In contrast, Fig. 4(b) shows the magnetoresistance of LT-Ni3Sn2, which is related to the increase in the magnetic field. It increased abruptly under 1 T with decreasing temperature and achieved 1.18% at 14 T and 5 K. Such a dip might imply fast short-range spin correlations via the occurrence of spin clusters in LT-Ni3Sn2. It could simply be a signal of the weak antilocalization derived from strong spin–orbit coupling, as demonstrated using several topological materials. This behavior should be investigated further to elucidate the issue.

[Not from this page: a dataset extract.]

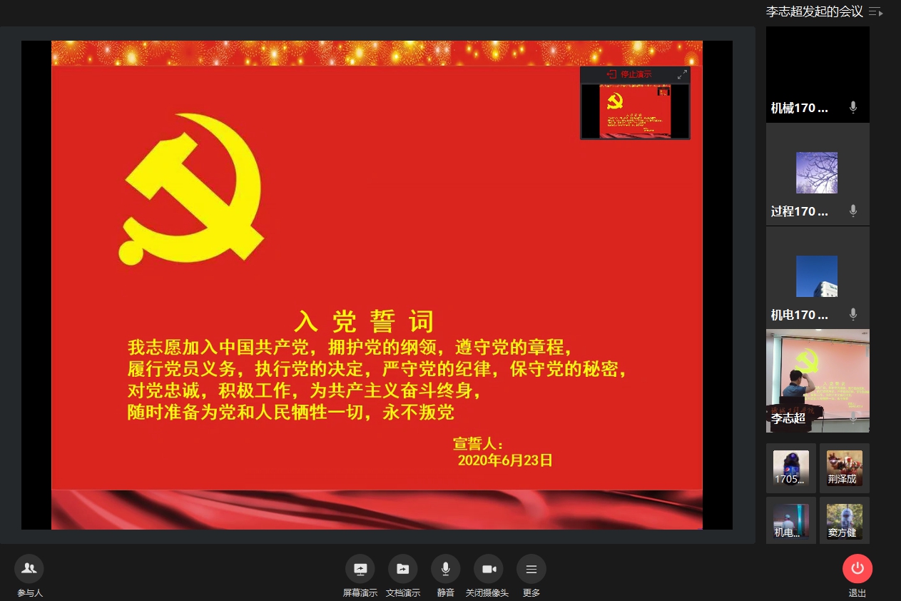 C302会议室和湖北、湖南、辽宁、山东、江西、河南、重庆、安徽、浙江、江苏等10省多地举行。学院党委书记高雪梅,党委副书记、副院长方俊及在校新党员出席仪式。宣誓仪式由辅导员李志超主持。
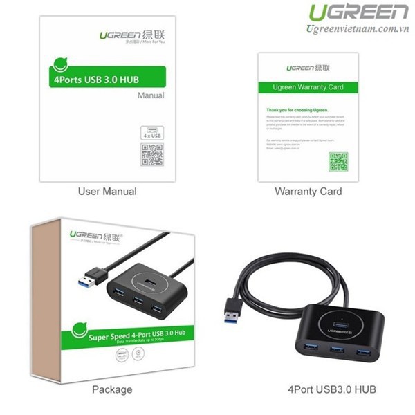 Giới thiệu Bộ chia HAUB USB 4 cổng Ugreen 20290 chuẩn USB 3.0 dài 0,5m cao cấp chuẩn Hàng chính hãng bảo hành 18 tháng

We successfully synthesized both single crystals of HT-Ni3Sn2 and LT-Ni3Sn2 using the flux method. The observed X-ray diffraction peaks imply that the phases are not merged and that each crystal shows that, as with the EDS results, they are not contaminated by flux. We found that both crystals are metallic with similar resistivity orders of magnitude. However, our analysis using the power law suggests LT-Ni3Sn2 may have stronger short-range excitations than HT-Ni3Sn2. In magnetoresistance, while HT-Ni3Sn2 was almost independent against the applied magnetic field, LT-Ni3Sn2 showed a strong dip at lower temperatures and weaker magnetic fields. This phenomenon might have something to do with its hidden nature in innate spin clusters. We hence conclude that LT-Ni3Sn2 could possess unusual physical properties, and further investigation would be required to elucidate speculations.
This work was supported by the DGIST institution specific program (21-BRP-07) and the faculty startup funds from DGIST.